Although the transmission of the COVID-19 has not been approved by blood transfusion, transmission during the process of blood donation has to be indicated. Therefore, a high standard personal and general protection should be directed.
The methods used for this study was the same nationally in all provinces and most of the sample collections and tests were performed in two days from all over the country, however, the current study has been limited by the sample size in the small provinces. Also, the ratio of IgM+, IgG-/IgM+, IgG+ were higher than what can be expected reviewing the time duration of detection of SARS-COV-2 antibodies in blood, which could be because of the limited IgM specificity which made it hard to confidently discuss about prevalence of IgM positives. Moreover, the test results depended on the expert observation which we tried to limit, with one single expert checking all the photos.
6. Conclusion
We believe this study is the first study in its kind conducted in the region.

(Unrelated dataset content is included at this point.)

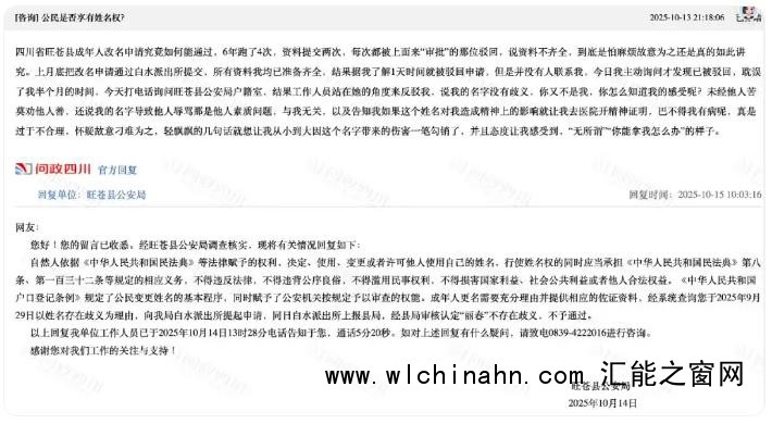 记者致电旺苍县公安局,相关工作人员表示,目前改名工作是依据该规程,同时结合《中华人民共和国民法典》有关规定综合办理。公安局已再次联系该网友,让其补充医院开具相关精神证明,以此佐证原有姓名对其心理和精神造成伤害,并在该网友补全资料后,通过其改名申请。

The study population contains blood donors who are healthier than the normal population. Although this study has shown the prevalence of seropositivity around 14% in the target population in which 5% were IgM, these amounts varied between provinces and it should be considered for policy making.
Disclosure of interest
The authors declare that they have no competing interest.
Acknowledgments
The authors wish to thank the donors who added to give unremunerated blood, participated in the study, as well as the colleagues in blood transfusion organization in all provinces who helped us to collect data and the colleagues in the High Institute for Research and Education in Transfusion Medicine for their cooperation. This study has been funded by the High Institute for Research and Education in Transfusion Medicine.